A reference implementation of an Instance Plugin that creates machines
using Terraform. In this concept, InfraKit provides the active group management while
Terraform performs the functions of resource provisioning.
This poc is adapted from the aws-two-tier
example from the Terraform project. There are some minor changes:
- Variables that required on-screen user interaction (for setting public keys) have been removed
and replaced with the
key_name
parameter in the provisioning config.
- The ELB has been removed to keep the example simple -- registration of backends for ELB is
coming in the future.
- Removed the output variables which depended on the ELB.
The entire integration can be seen in the file plugin.go
. Some interesting points:
- Provisioning via Terraform is simply creating a
.tf.json
file on disk and calling terraform apply
.
terraform apply
uses a local lock file to make sure only one process is access and updating the
.tfstate
file. This is to avoid concurrent access which can sometimes corrupt the state file.

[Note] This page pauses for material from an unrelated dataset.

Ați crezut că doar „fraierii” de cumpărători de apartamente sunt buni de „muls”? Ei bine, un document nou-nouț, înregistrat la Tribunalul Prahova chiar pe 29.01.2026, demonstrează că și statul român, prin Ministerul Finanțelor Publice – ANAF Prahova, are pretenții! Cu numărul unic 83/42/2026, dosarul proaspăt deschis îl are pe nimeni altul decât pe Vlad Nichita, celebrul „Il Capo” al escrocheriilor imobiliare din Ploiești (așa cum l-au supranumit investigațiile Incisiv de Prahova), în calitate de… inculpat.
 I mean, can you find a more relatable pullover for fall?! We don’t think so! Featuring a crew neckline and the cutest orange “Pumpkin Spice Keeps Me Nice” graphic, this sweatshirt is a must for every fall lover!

In the end, the design is simplified: we only need to write the files to disk and a dedicated
goroutine continuously calls terraform apply
.
- The plugin auto-generates names for resources so user doesn't have to.

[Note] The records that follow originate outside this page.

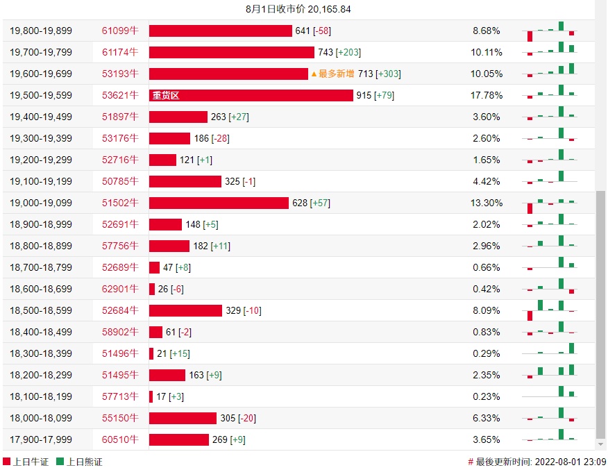 牛证街货重货区在19500-19599区间,该区间最新牛证数量为915张,较上一交易日增加79张;最多新增在19600-19699区间,该区间最新牛证数量为713张,较上一交易日增加303张。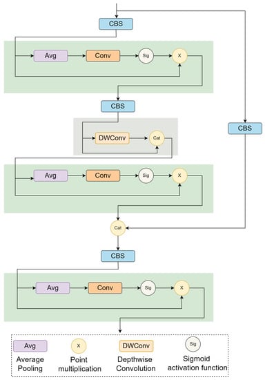 where x is the input feature map, is a convolution operation, is Batch Normalization, is SiLU activate function, is the CBS module, indicates the global average pooling operation, is sigmoid activate function, · is point multiplication operation, is an ECA module, is the output feature map before lightweight and is the output feature map after lightweight, is a depthwise separable convolution, is concat operation, y is the output feature map.
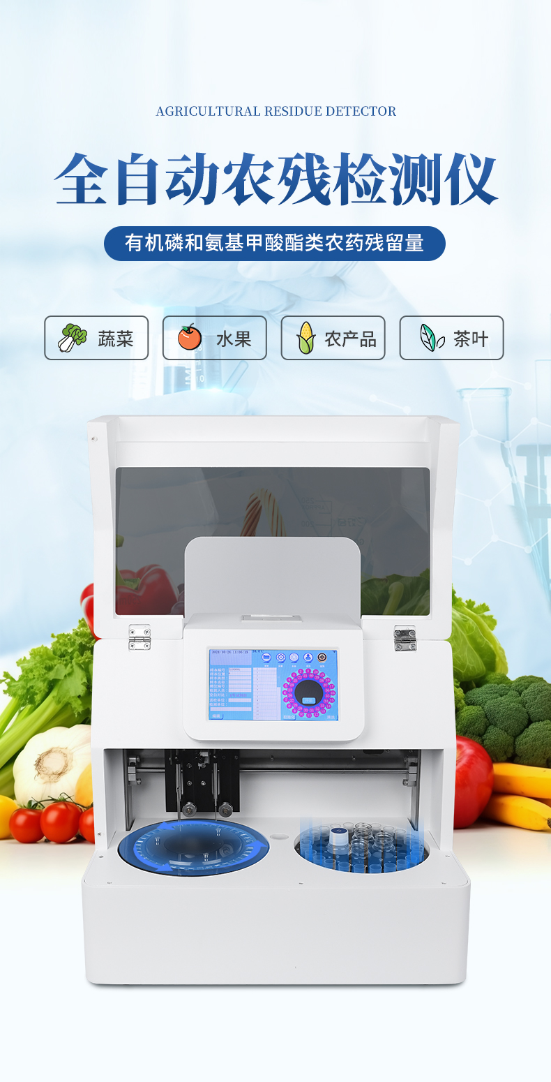 全自動農藥殘留檢測儀是利用酶抑制原理和光電比色法原理研制而成。在一定條件下,有機磷和氨基甲酸類農藥對膽堿酯酶正常功能有抑制作用,其抑制率與農藥的濃度呈正相關。當樣本提取液中有一定量的有機磷農藥或氨基甲酸酯類農藥存在時,酶活性受到抑制,吸光度變高。根據該變化率,可測定出樣本中農藥的殘留量。

- Destroying an instance is simply removing the
.tf.json
file and calling terraform apply
.
- Describing instances simply go through all the
instance-X.tf.json
files on disk and returns them
as the result. This is a pretty simplistic integration but it is more correct than writing files
and then reading the tfstate
file. The generated tf json file instances are essentially
"promises" that terraform will eventually provision. A tighter integration is worth investigation.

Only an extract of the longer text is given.